** Record excerpts follows **
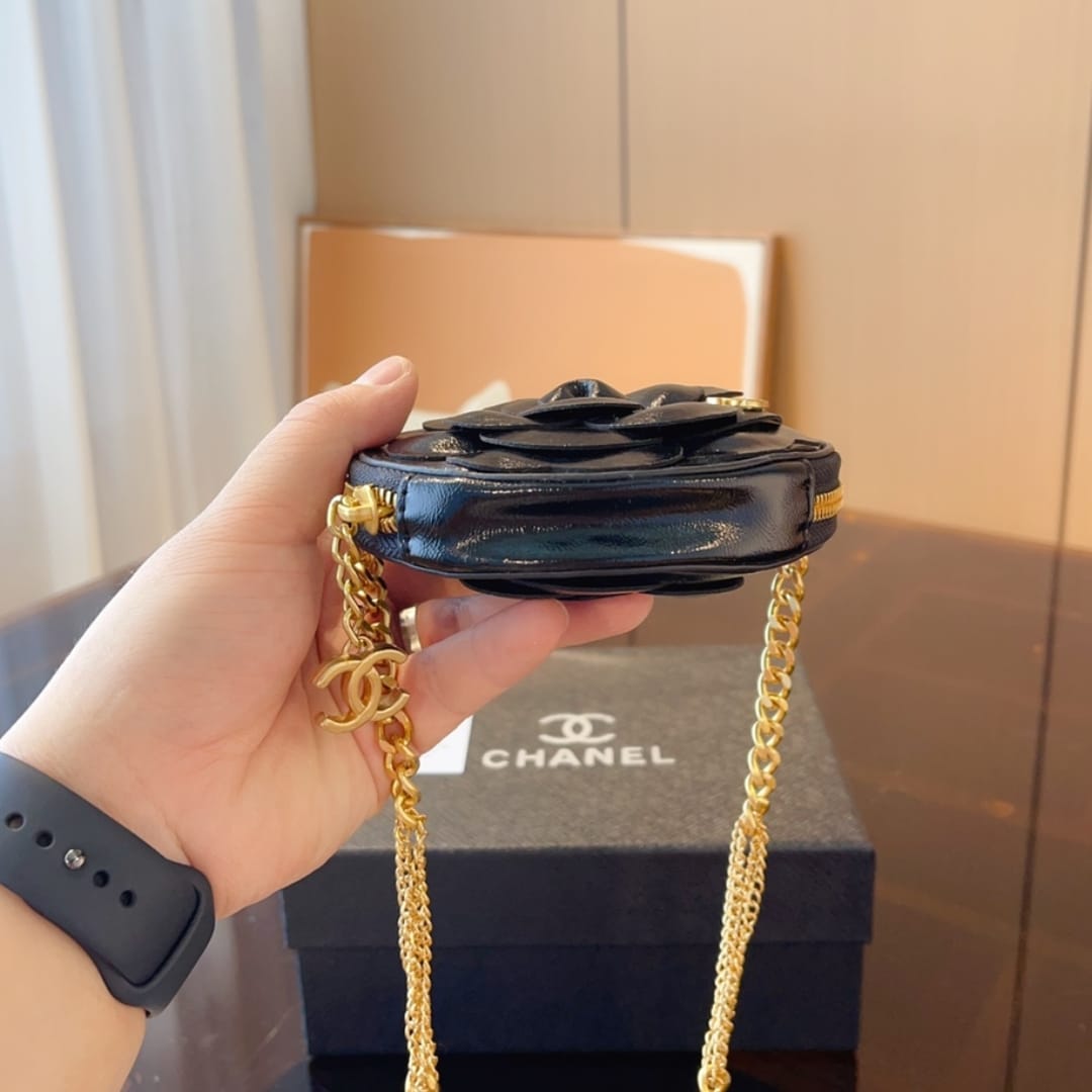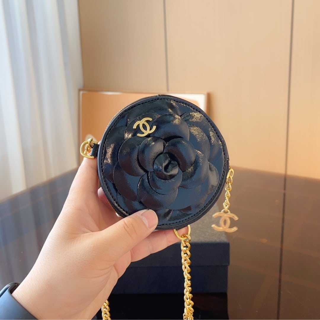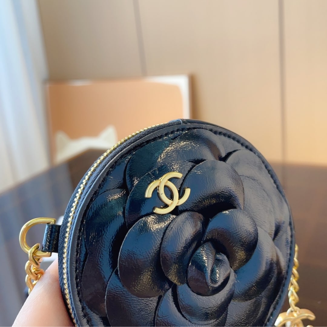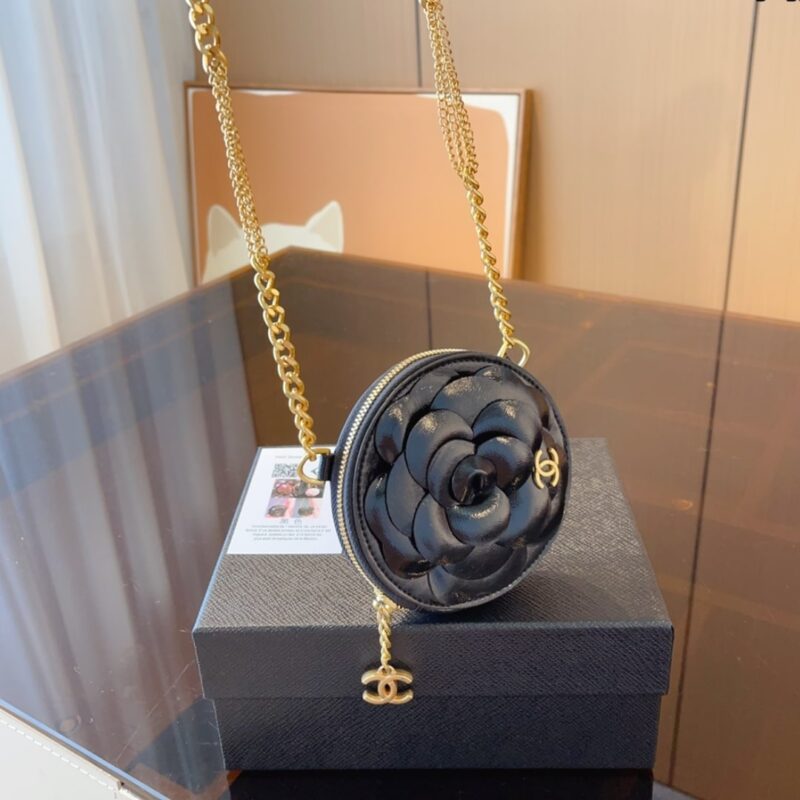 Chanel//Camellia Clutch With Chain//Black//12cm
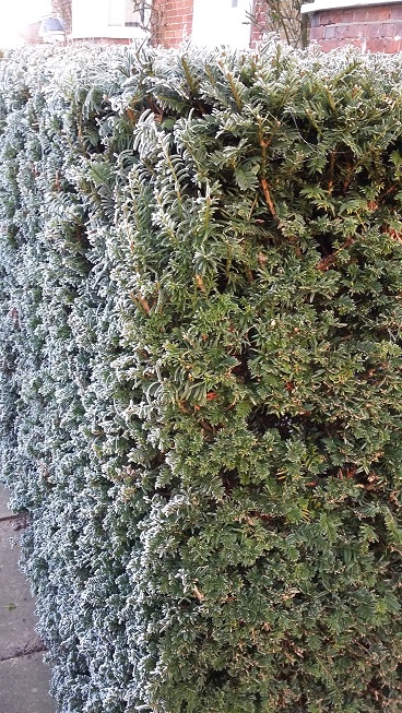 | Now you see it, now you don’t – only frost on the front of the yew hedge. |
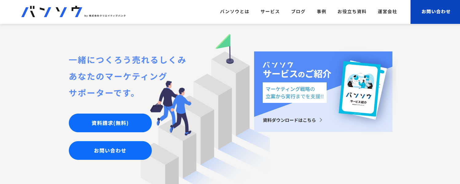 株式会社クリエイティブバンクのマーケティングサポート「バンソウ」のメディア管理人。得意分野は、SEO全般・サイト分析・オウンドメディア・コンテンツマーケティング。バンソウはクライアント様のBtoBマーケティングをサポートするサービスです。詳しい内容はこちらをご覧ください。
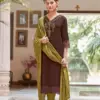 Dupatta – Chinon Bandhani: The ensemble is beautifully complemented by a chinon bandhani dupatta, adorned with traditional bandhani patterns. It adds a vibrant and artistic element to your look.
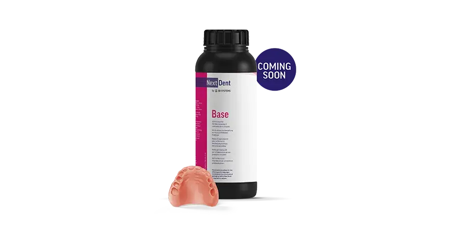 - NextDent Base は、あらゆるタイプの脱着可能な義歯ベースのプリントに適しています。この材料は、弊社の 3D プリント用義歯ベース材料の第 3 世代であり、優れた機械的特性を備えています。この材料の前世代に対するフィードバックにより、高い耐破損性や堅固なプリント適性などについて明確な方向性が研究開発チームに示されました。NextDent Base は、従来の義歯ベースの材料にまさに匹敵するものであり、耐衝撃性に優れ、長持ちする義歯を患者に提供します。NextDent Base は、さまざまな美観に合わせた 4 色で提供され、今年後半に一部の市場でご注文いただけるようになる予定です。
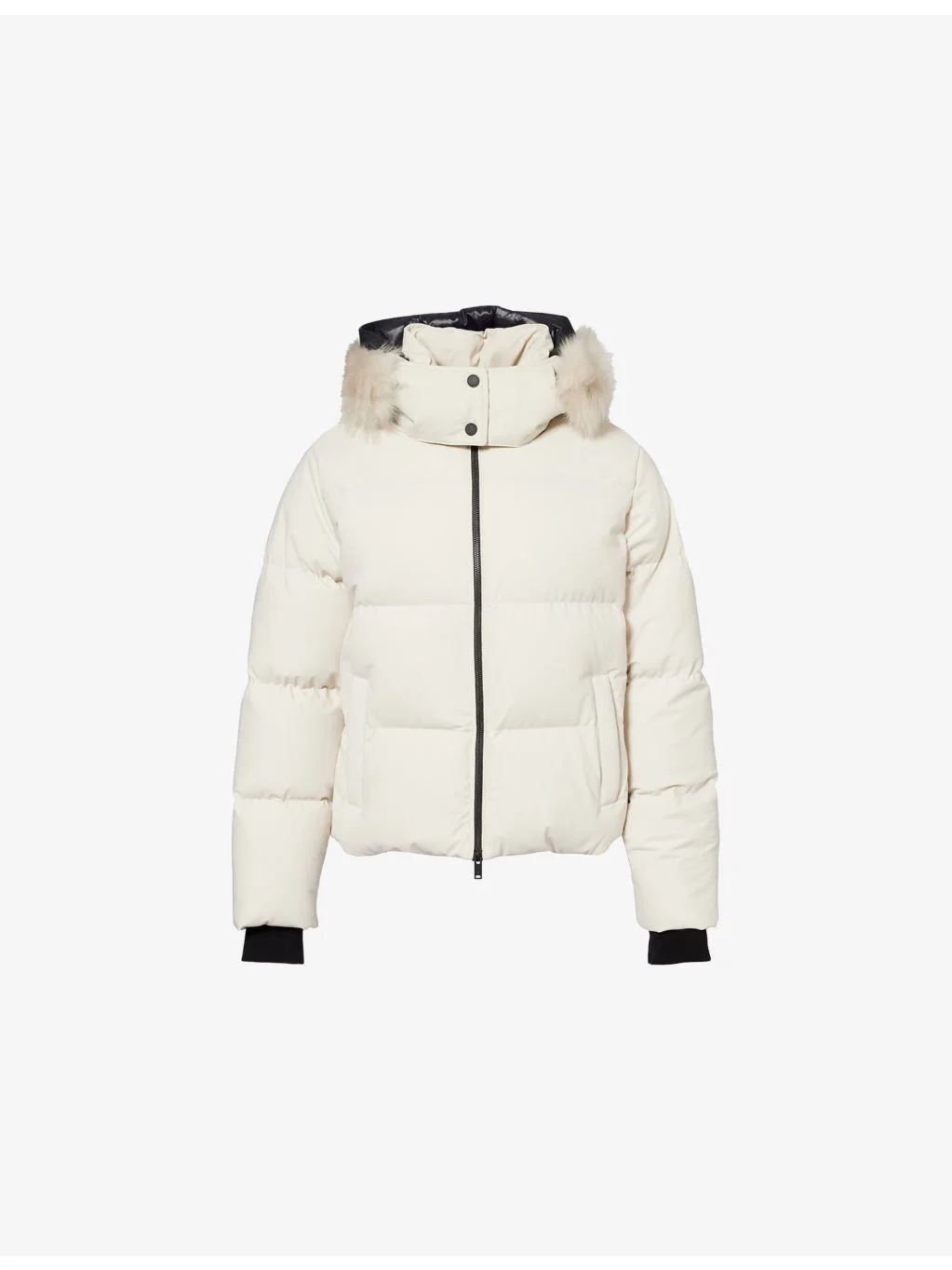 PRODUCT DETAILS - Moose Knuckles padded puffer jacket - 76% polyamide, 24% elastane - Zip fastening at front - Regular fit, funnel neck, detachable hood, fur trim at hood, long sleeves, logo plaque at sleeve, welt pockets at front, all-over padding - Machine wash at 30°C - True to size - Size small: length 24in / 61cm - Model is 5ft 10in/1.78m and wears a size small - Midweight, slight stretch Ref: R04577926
** End of Record excerpts **
• _Instructions for the task_: All entries above are to be restated exactly, with every image omitted.

• _Written response_:
 Chanel//Camellia Clutch With Chain//Black//12cm
 | Now you see it, now you don’t – only frost on the front of the yew hedge. |
 株式会社クリエイティブバンクのマーケティングサポート「バンソウ」のメディア管理人。得意分野は、SEO全般・サイト分析・オウンドメディア・コンテンツマーケティング。バンソウはクライアント様のBtoBマーケティングをサポートするサービスです。詳しい内容はこちらをご覧ください。
 Dupatta – Chinon Bandhani: The ensemble is beautifully complemented by a chinon bandhani dupatta, adorned with traditional bandhani patterns. It adds a vibrant and artistic element to your look.
 - NextDent Base は、あらゆるタイプの脱着可能な義歯ベースのプリントに適しています。この材料は、弊社の 3D プリント用義歯ベース材料の第 3 世代であり、優れた機械的特性を備えています。この材料の前世代に対するフィードバックにより、高い耐破損性や堅固なプリント適性などについて明確な方向性が研究開発チームに示されました。NextDent Base は、従来の義歯ベースの材料にまさに匹敵するものであり、耐衝撃性に優れ、長持ちする義歯を患者に提供します。NextDent Base は、さまざまな美観に合わせた 4 色で提供され、今年後半に一部の市場でご注文いただけるようになる予定です。
 PRODUCT DETAILS - Moose Knuckles padded puffer jacket - 76% polyamide, 24% elastane - Zip fastening at front - Regular fit, funnel neck, detachable hood, fur trim at hood, long sleeves, logo plaque at sleeve, welt pockets at front, all-over padding - Machine wash at 30°C - True to size - Size small: length 24in / 61cm - Model is 5ft 10in/1.78m and wears a size small - Midweight, slight stretch Ref: R04577926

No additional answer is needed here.